• DATA TO PROCESS
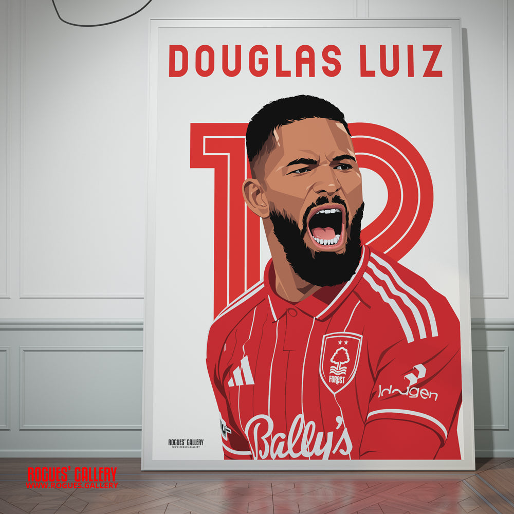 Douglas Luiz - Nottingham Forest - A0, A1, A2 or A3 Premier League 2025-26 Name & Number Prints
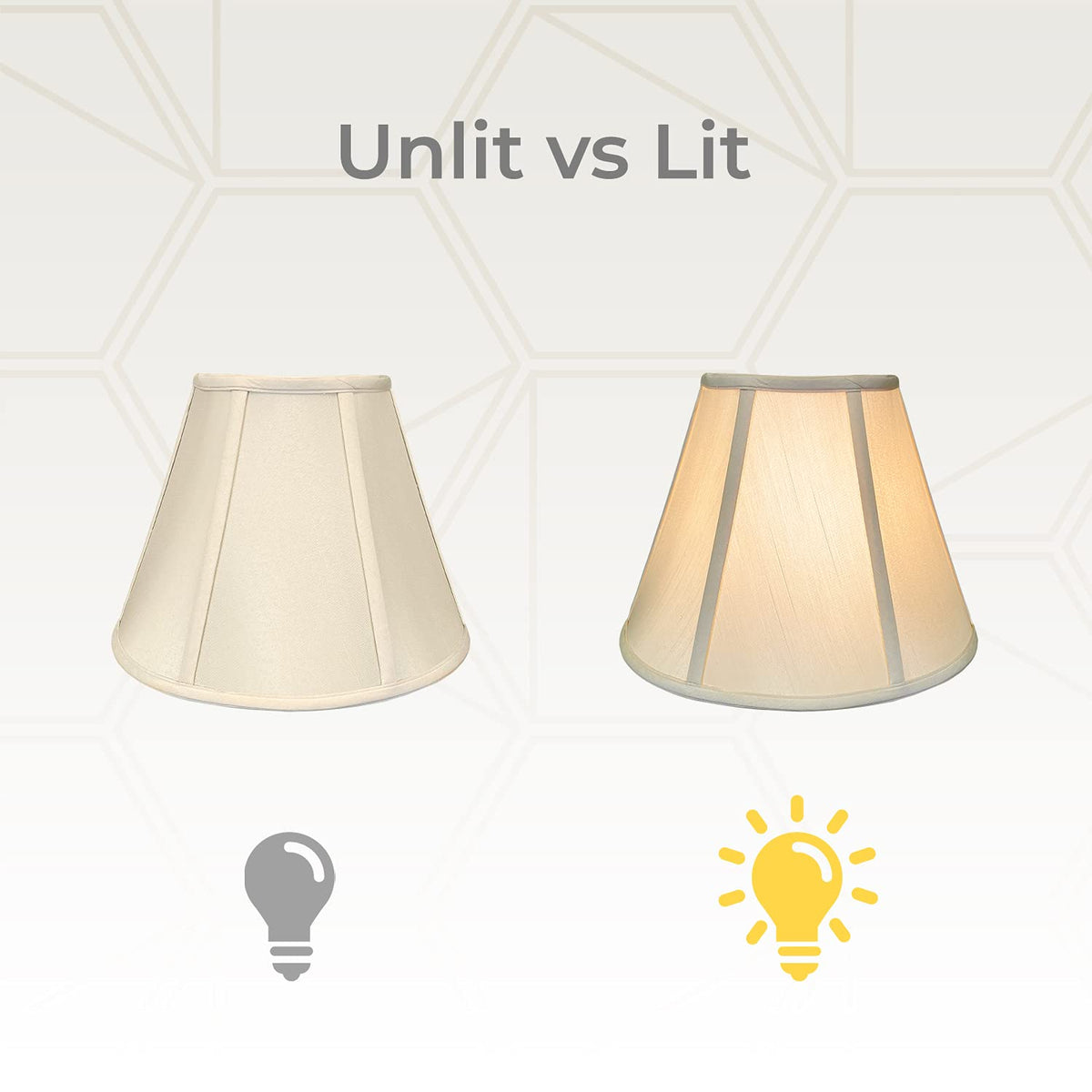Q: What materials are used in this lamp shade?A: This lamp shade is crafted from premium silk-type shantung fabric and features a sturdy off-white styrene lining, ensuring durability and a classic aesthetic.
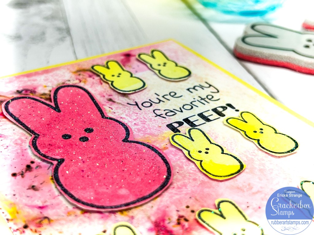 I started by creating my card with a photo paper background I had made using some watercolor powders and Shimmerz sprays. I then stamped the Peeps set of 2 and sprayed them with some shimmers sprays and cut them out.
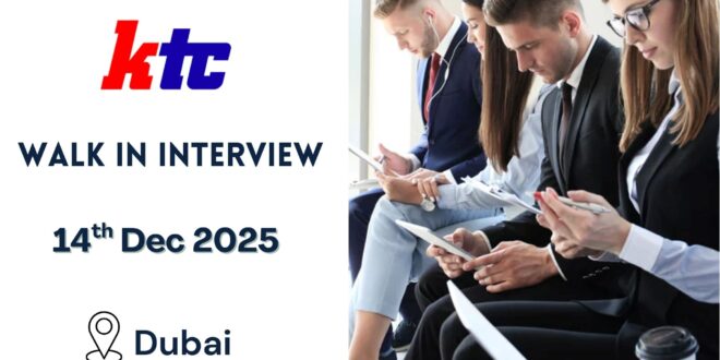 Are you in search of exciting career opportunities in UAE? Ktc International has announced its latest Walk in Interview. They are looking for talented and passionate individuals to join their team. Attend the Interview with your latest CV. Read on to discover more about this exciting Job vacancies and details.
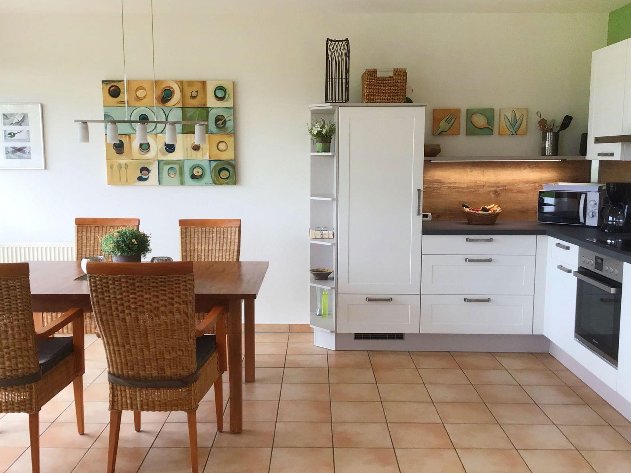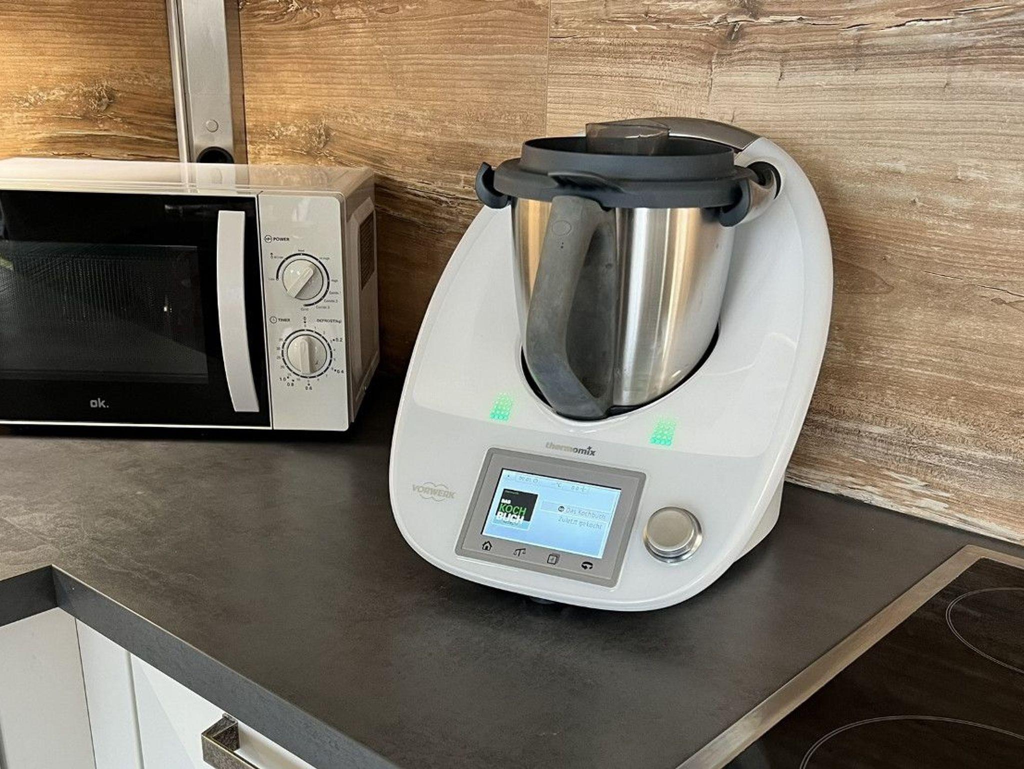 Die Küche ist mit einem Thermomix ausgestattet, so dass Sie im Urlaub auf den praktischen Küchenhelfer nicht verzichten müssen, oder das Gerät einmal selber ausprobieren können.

• TASK TO CARRY OUT
Write out exactly the lines from the one containing "I started by" through the last line of the records above, both ends included, and leave out any pictures.

• TASK RESULT
 I started by creating my card with a photo paper background I had made using some watercolor powders and Shimmerz sprays. I then stamped the Peeps set of 2 and sprayed them with some shimmers sprays and cut them out.
 Are you in search of exciting career opportunities in UAE? Ktc International has announced its latest Walk in Interview. They are looking for talented and passionate individuals to join their team. Attend the Interview with your latest CV. Read on to discover more about this exciting Job vacancies and details.
 Die Küche ist mit einem Thermomix ausgestattet, so dass Sie im Urlaub auf den praktischen Küchenhelfer nicht verzichten müssen, oder das Gerät einmal selber ausprobieren können.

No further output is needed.